Data section:
——
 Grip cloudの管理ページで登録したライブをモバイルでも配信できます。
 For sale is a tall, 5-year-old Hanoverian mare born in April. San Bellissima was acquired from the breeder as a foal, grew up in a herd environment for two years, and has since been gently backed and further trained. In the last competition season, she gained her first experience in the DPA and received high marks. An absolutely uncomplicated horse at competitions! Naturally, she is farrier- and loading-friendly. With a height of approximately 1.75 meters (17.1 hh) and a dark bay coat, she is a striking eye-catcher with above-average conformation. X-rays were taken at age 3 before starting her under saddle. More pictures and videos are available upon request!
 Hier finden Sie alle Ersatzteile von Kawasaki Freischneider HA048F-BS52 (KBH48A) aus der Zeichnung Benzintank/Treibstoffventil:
——
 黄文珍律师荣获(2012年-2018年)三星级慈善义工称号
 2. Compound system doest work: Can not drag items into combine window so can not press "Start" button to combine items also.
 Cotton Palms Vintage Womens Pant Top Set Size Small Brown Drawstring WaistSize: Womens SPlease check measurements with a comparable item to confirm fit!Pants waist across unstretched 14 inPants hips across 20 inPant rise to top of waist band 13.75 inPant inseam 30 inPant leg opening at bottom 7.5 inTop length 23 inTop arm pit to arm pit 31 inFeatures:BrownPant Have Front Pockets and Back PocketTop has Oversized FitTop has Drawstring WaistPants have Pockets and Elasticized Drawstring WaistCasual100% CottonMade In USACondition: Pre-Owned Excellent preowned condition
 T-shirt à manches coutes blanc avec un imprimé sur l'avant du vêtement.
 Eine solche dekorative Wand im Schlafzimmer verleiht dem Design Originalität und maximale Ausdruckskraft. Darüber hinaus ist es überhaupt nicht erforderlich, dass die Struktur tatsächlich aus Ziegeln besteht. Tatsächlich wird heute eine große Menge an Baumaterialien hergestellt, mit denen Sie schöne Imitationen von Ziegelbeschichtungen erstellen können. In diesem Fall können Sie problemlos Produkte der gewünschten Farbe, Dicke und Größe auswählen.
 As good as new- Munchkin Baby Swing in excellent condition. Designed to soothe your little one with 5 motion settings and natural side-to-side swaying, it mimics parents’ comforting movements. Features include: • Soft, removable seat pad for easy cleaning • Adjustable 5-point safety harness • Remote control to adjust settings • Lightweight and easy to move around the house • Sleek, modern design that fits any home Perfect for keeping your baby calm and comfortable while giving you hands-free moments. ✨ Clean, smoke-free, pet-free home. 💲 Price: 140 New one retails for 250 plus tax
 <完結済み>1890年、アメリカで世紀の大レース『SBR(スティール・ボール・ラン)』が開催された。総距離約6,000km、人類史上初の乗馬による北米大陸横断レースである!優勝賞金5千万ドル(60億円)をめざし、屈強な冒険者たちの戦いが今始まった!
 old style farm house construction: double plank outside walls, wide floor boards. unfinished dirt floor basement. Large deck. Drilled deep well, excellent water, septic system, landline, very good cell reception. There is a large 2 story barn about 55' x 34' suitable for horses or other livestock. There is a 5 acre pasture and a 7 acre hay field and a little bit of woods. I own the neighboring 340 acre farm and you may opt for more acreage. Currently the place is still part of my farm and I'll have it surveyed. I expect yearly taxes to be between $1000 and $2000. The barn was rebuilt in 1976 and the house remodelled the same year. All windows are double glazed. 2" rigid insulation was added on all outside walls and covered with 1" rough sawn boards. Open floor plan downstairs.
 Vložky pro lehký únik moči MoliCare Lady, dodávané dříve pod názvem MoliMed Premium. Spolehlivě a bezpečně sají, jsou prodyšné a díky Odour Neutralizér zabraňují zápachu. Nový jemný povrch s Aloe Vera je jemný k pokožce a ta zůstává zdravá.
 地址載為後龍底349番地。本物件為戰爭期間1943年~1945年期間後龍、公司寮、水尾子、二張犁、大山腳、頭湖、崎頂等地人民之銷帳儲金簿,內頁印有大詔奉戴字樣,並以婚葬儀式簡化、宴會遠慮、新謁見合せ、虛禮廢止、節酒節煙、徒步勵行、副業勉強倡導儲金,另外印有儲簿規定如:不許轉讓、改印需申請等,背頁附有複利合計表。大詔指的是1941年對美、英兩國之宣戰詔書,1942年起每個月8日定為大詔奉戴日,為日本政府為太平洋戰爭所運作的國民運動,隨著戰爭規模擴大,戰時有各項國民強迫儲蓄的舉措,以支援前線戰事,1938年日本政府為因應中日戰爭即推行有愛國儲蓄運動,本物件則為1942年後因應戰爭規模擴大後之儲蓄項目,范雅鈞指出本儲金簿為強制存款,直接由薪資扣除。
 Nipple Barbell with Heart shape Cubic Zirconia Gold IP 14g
——
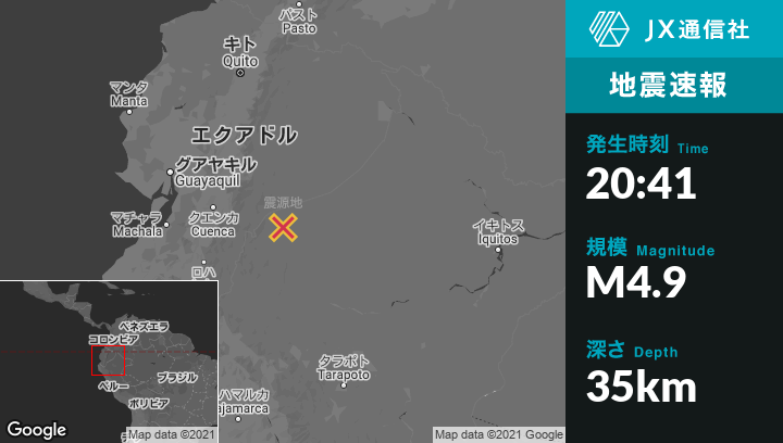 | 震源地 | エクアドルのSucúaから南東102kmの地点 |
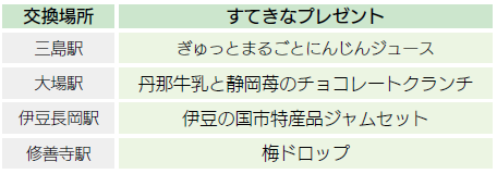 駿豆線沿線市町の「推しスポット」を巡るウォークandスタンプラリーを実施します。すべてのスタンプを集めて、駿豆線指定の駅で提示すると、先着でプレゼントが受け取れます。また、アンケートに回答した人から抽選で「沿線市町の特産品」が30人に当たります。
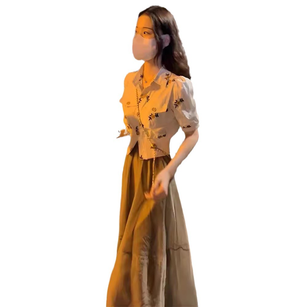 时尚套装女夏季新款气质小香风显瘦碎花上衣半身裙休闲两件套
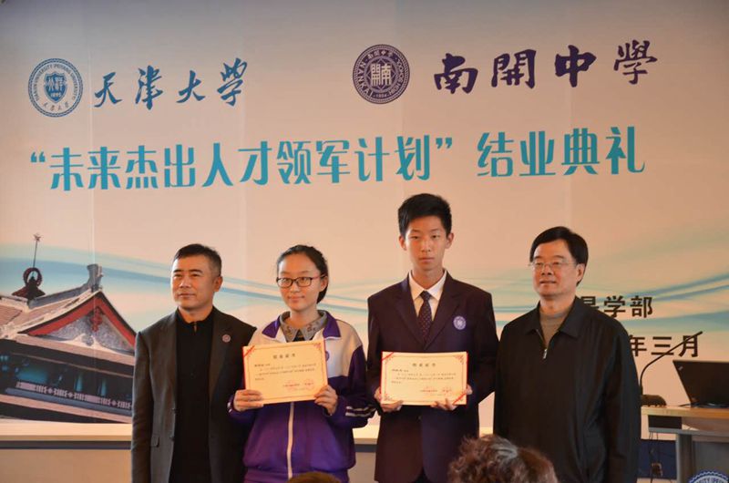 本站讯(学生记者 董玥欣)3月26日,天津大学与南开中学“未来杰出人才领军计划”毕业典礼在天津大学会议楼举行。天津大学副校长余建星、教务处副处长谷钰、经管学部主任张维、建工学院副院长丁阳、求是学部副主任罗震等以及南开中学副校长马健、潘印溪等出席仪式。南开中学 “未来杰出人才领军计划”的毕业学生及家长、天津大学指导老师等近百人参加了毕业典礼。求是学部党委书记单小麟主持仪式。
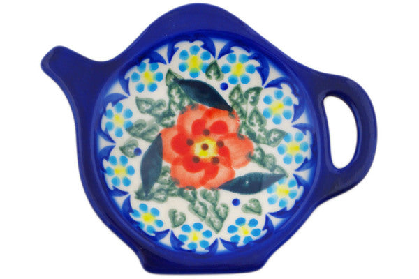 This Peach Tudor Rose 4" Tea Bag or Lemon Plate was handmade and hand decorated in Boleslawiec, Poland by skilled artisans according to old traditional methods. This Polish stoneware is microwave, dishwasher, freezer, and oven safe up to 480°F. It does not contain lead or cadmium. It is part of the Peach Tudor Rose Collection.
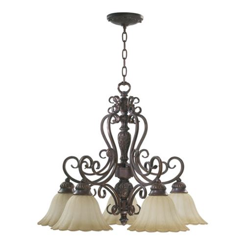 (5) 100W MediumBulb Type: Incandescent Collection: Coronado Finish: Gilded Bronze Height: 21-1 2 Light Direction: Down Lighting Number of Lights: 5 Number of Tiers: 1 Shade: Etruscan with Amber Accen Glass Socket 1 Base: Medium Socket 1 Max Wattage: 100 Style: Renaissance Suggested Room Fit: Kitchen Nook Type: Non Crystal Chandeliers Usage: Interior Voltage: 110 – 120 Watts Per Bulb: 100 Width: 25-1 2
——
What this task involves: Using the entries shown above, reproduce verbatim the lines from the line bearing "Grip cloudの管理ページで登録したライブをモバイルでも配信できます。" to the line bearing "Hier finden Sie", inclusive.

Expected answer:
 Grip cloudの管理ページで登録したライブをモバイルでも配信できます。
 For sale is a tall, 5-year-old Hanoverian mare born in April. San Bellissima was acquired from the breeder as a foal, grew up in a herd environment for two years, and has since been gently backed and further trained. In the last competition season, she gained her first experience in the DPA and received high marks. An absolutely uncomplicated horse at competitions! Naturally, she is farrier- and loading-friendly. With a height of approximately 1.75 meters (17.1 hh) and a dark bay coat, she is a striking eye-catcher with above-average conformation. X-rays were taken at age 3 before starting her under saddle. More pictures and videos are available upon request!
 Hier finden Sie alle Ersatzteile von Kawasaki Freischneider HA048F-BS52 (KBH48A) aus der Zeichnung Benzintank/Treibstoffventil:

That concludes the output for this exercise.